Nargizian back as village manager
By Dan Hust
MONTICELLO Monday’s Monticello Village Board meeting turned into a free-for-all yelling session that consumed both the board and the audience.
Out of the tumult emerged Ray Nargizian, who is once again the village manager.
Trustee Carmen Rue introduced a resolution at the tail end of Monday’s meeting calling for Nargizian to be hired at $72,800 a year the maximum budgeted amount plus benefits and vacation/sick/personal days.
The resolution also stipulated that while the board can fire Nargizian for any reason, he is entitled to 30 days’ prior written notice. After termination, he’ll get six months’ full pay and benefits, plus compensation for any unused/accrued vacation days.
While Mayor Gordon Jenkins and Trustee TC Hutchins balked at the undiscussed resolution, trustees Scott Schoonmaker and Victor Marinello gave their assent, and amidst a shouting match that involved the whole room, Nargizian was rehired.
“If this isn’t a setup, I don’t know what is,” Jenkins fumed.
“I don’t know anything about Ray Nargizian,” Hutchins commented (he was appointed to the board at the same time Nargizian tendered his resignation after Jenkins was elected mayor). “... I have nothing against him, but damn, give me a chance!”
Rue angrily replied that the board had had multiple chances to hire a manager since March, when the village began advertising for a replacement to Interim Village Manager Zach Kelson.
She and Marinello accused Jenkins who has been serving as village manager since Kelson was fired in April of trying to push Lumberland Supervisor John LiGreci into the seat via a special meeting to interview him without their knowledge. Rue also criticized Jenkins’ lack of printed manager’s reports to the board.
Rue and Marinello praised Nargizian’s track record of bringing money into the village.
“Ray Nargizian was one of the ones behind the $10 million grant [for the sewer plant],” Marinello said after the meeting (see related article in today’s issue). “He started the whole thing.”
Plus, he added, Nargizian spearheaded a cooperative foreclosure agreement with the county, netting $700,000 for the village and leading to a zero percent tax increase.
“Without revenue and business in Monticello,” Marinello said, “we have no village.”
Rue told Monday’s audience that the conditions of his employment could be worked out later.
However, the resolution’s terms are binding, confirmed Village Attorney Jacob Billig, who first saw the resolution when Rue introduced it that evening.
The only way the terms could be changed is through a contract which would negate the board’s ability to fire Nargizian at will.
But that discussion remains to be had. For now, Jenkins angrily vowed he would not work with Nargizian.
“Me and Ray Nargizian will never see eye-to-eye,” Jenkins yelled over the din of the bickering audience. “... This is a setup. This mayor here will not play with Ray and will not play with the board.
“... As long as I live, I will never work with Ray Nargizian.”
Jenkins also stripped Schoonmaker of his deputy mayor title, furiously calling the trustee a “spineless bastard.” Hutchins was named deputy mayor instead.

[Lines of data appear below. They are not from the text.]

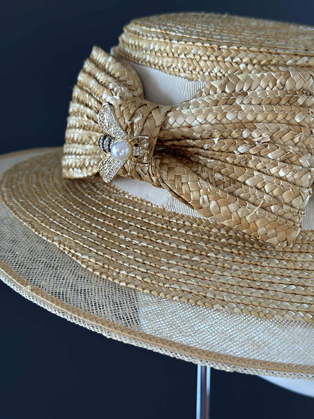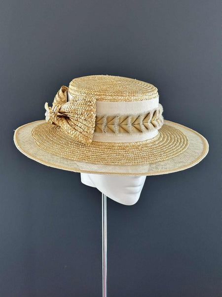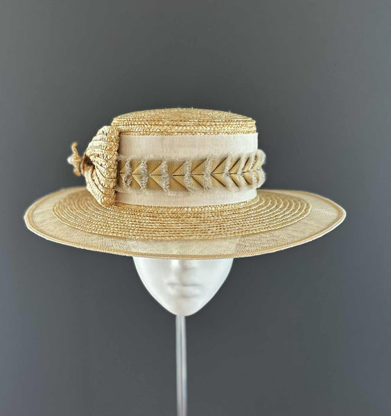 Neutral straw boater hat with a cream sinamay extension, designed for warm-weather occasions.
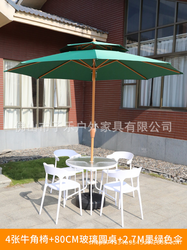 • 2.7 m [다크 그린] 우산 + 흰색 테이블 80 개 + 뿔 의자 4 개
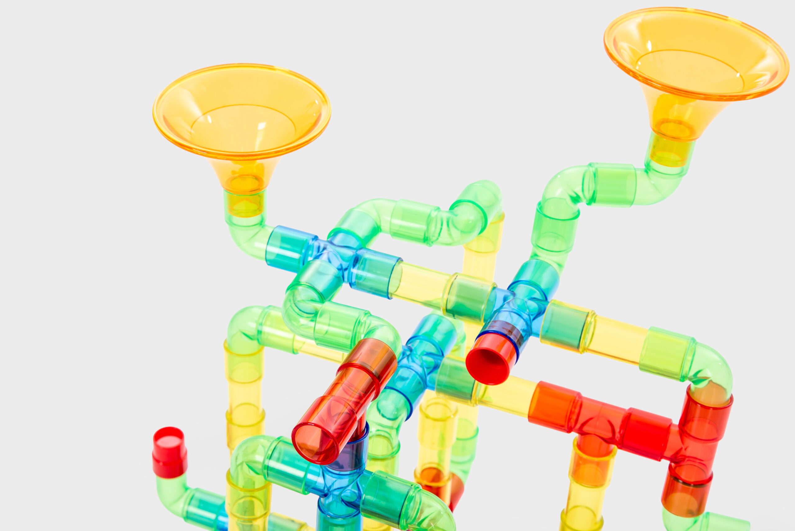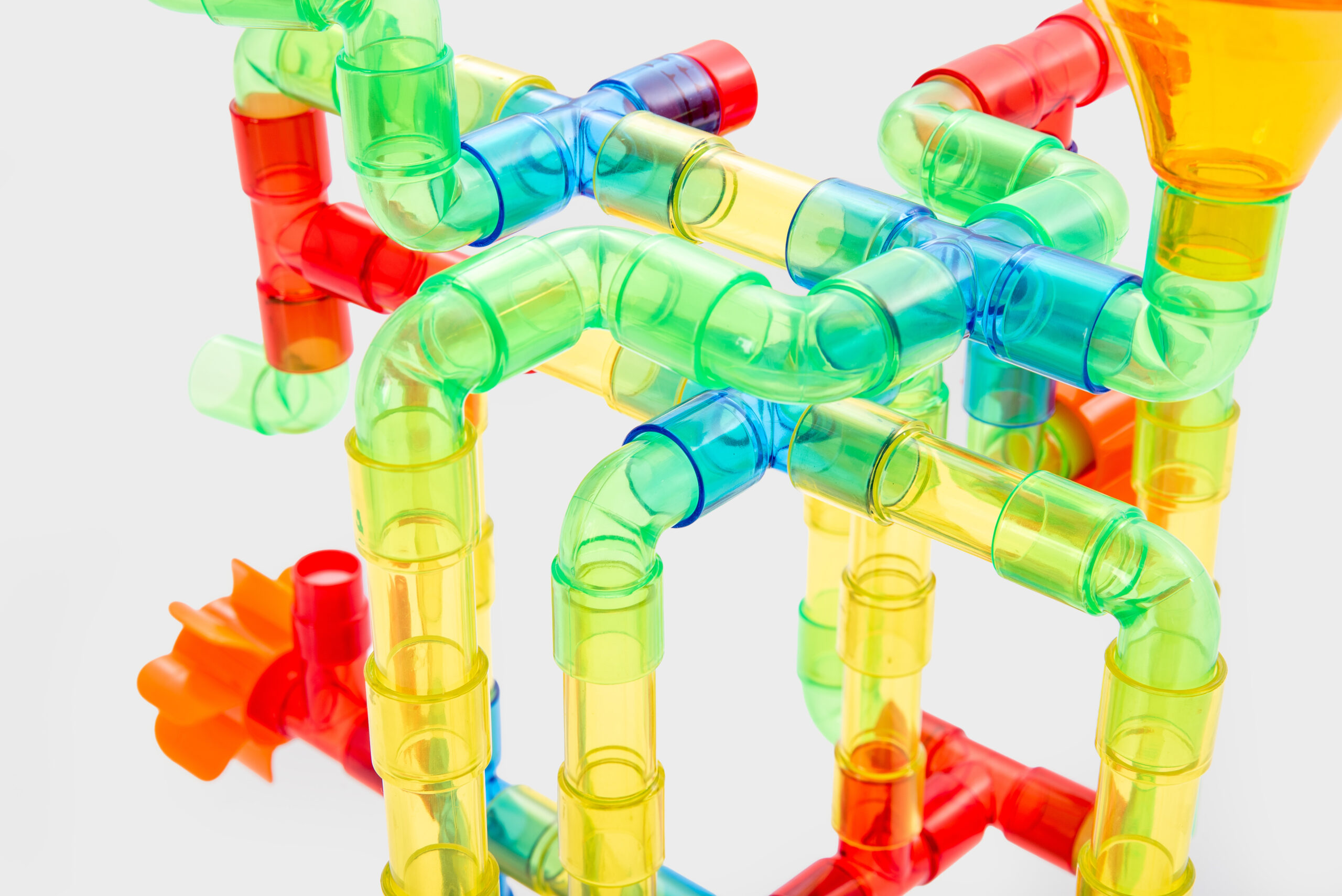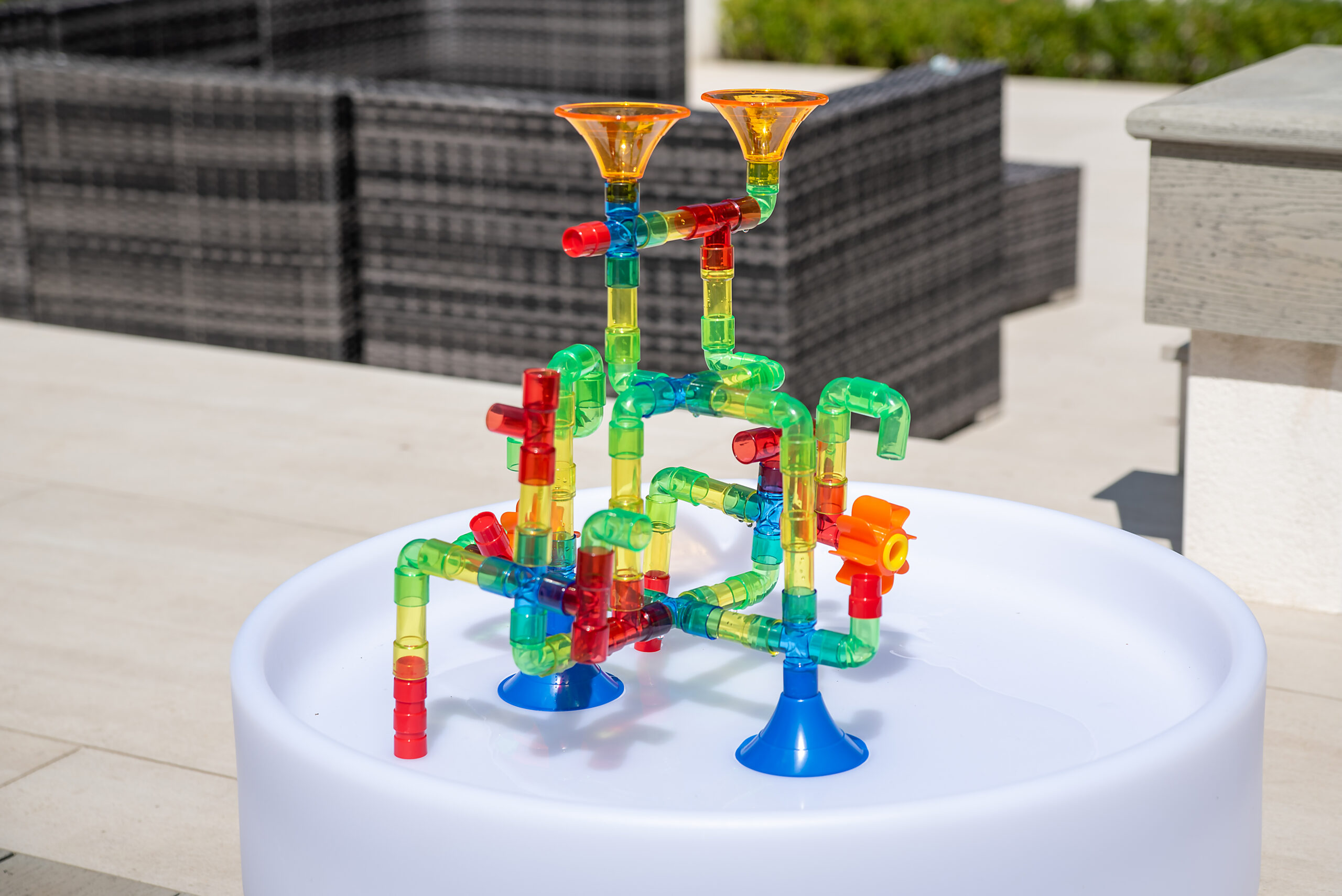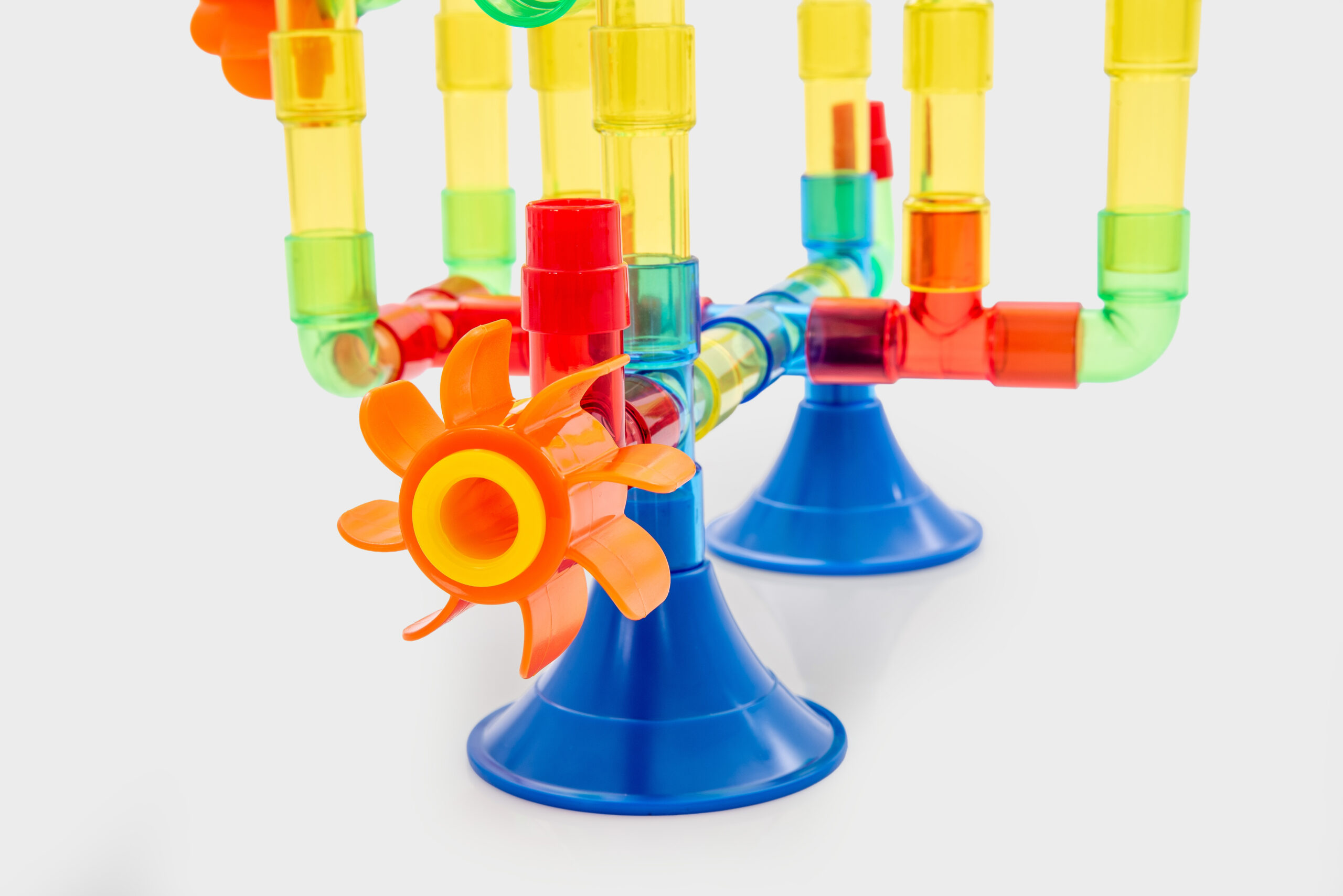 - Stavebnicové průsvitné trubky a vodní prvky pro zábavné konstruování systémů vody a toku.
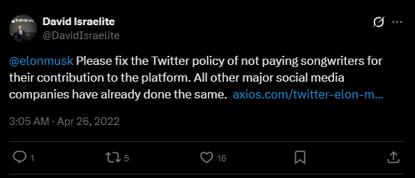 X在诉状中还引用了Israelite于2022年4月公开向马斯克发出的一条推文,当时正值马斯克收购Twitter的消息曝光:“@elonmusk请修复Twitter长期不向词曲作者付费的政策。所有其他主要社交媒体公司都已经这样做了。”
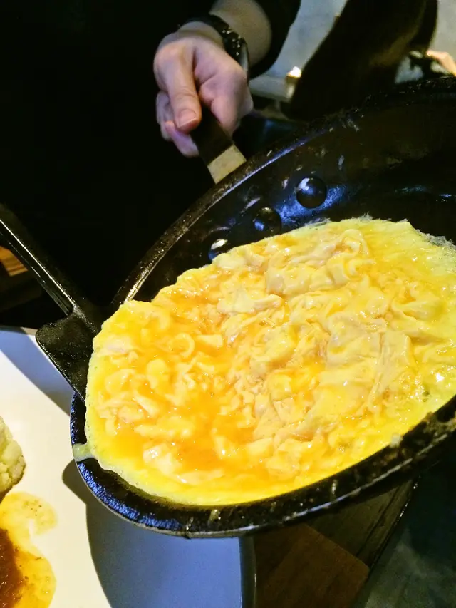 另外加點的歐姆蛋會由廚房裡的人直接走出來把蛋倒盤子上,我最喜歡這種半生不熟的歐姆蛋,可以看到蛋汁還滑溜溜的在蛋皮上,用湯匙挖一口咖哩醬汁與蛋一起入口,特別好吃!
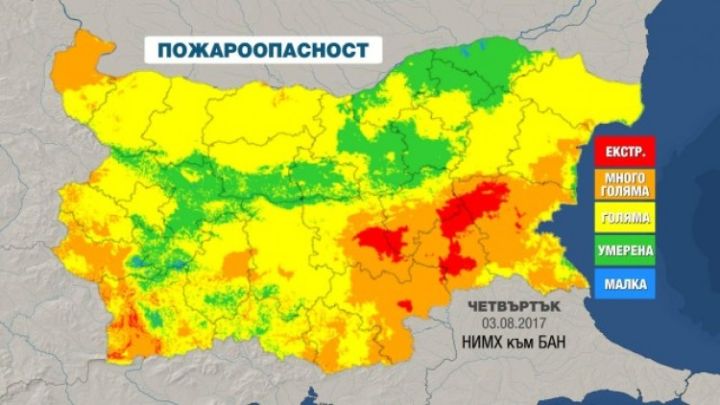 Освен това днес за почти цялата страна е в сила и жълт код за високи температури. Той е в сила за 26 области. Синоптиците предупреждават, че в някои западни и в повечето югоизточни райони рискът от възникване на пожари вече е с код червено – екстремален.
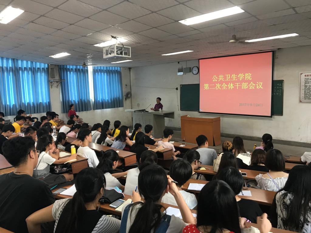 9月24日上午,公共卫生学院2017年第二次全体干部会议在六教201教室召开。参加本次会议的嘉宾有院党员副书记田生军,院团委书记蒋剑红,学工办主任伍卫国和院辅导员李佳,13-16级全体干部也参与了本次会议。
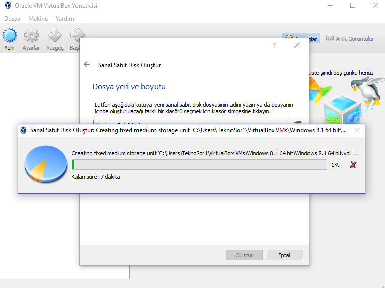 • Bir sonraki adımda ise aşağıda görüldüğü gibi yaptığımız ayarlara göre sanal makine oluşturma süreci başladı. Henüz ortada işletim sistemi yok. Sadece donanımlar ayarlanıyor. Yüzde dolana kadar beklemede kalalım.
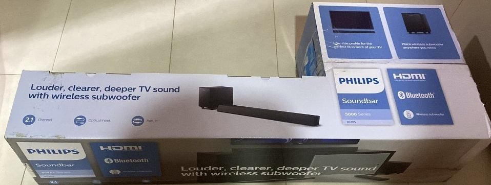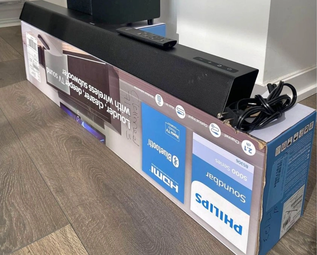 #Open box #Brand New Bluetooth only Welcome to better TV sound: Thundering explosions. Crystal clear dialogue. Philips TAB5306, a powerful soundbar with wireless subwoofer with total output of 140W, delivers exceptional performance while making it easy to control the volume using your TV remote. With 2.1 channels, every movie you watch and every soundtrack you love will sound clearer, deeper, closer. The ultra-modern trapezoid shape is designed to fit into any home setting. You can mount it on a wall with the included wall brackets, or slide it discreetly under the TV. The setup is also extremely simple, with HDMI ARC, audio-in and optical inputs. The Roku TV Ready badge means that this soundbar will work seamlessly with Roku TV, with easy access to sound settings and compatibility with your Roku remote. Simple setup. One remote. Quick settings You'll enjoy simple setup, easy access to sound settings, and compatibility with any Roku TV remote. 2.1 channels. Wireless subwoofer for deeper bass: The crackle of laser fire. The roar of a crowd. 2.1 channels bring new levels of sound to your favorite movies and shows. The compact wireless subwoofer delivers satisfying bass. Explosions will rumble. Music sounds fuller. HDMI ARC. Control the soundbar with your TV remote: The days of hunting for multiple remotes are over. This soundbar connects to your TV via HDMI ARC, allowing you to control soundbar volume with the same remote you use for your TV. Connect your favorite sources for bigger sound: Stream playlists from your mobile device via Bluetooth. Connect audio sources via audio-in or optical input. Whatever you love, it will sound louder and clearer through this soundbar. Distinctive geometric design. Easy placement: This soundbar boasts a unique slanted design and a low profile. When it comes to placement, the included wall brackets keep your options open. The compact design of the powerful subwoofer makes it easy to conceal.

Hutchins and Jenkins accused Rue, Marinello and Schoonmaker of holding secret illegal meetings to agree on rehiring Nargizian (the new village manager later told the Democrat he had met individually with those three trustees, but never as a group).
“How much is Carmen being paid for this?” Jenkins asked. “She should be fired!”
“I just hope the taxpayers and the people who vote in this town remember [this],” said Hutchins.
Marinello and Rue angrily replied that there had been no illegal meetings but that they simply felt it was time to hire a new manager and that Nargizian was a good choice.
“This was not a personal vendetta,” said Marinello after the meeting, noting he had told the mayor of his preference for Nargizian beforehand. “... He was doing a good job.”
Jenkins was unconvinced, and when it came time to hold an executive session to talk about police and ambulance contracts, he shoved it off onto Nargizian (though the board will have to discuss it at some point).
“Why go into executive session?” he told Billig. “Ray’s got to handle it.”
Meanwhile, Nargizian and Schoonmaker remained studiously silent as the chaos erupted around them.
Nargizian did accept the position, however, reporting for work on Tuesday.
“I appreciate the opportunity to serve the village again,” he told the Democrat at the end of the meeting. “It is my hope that we can be unified.”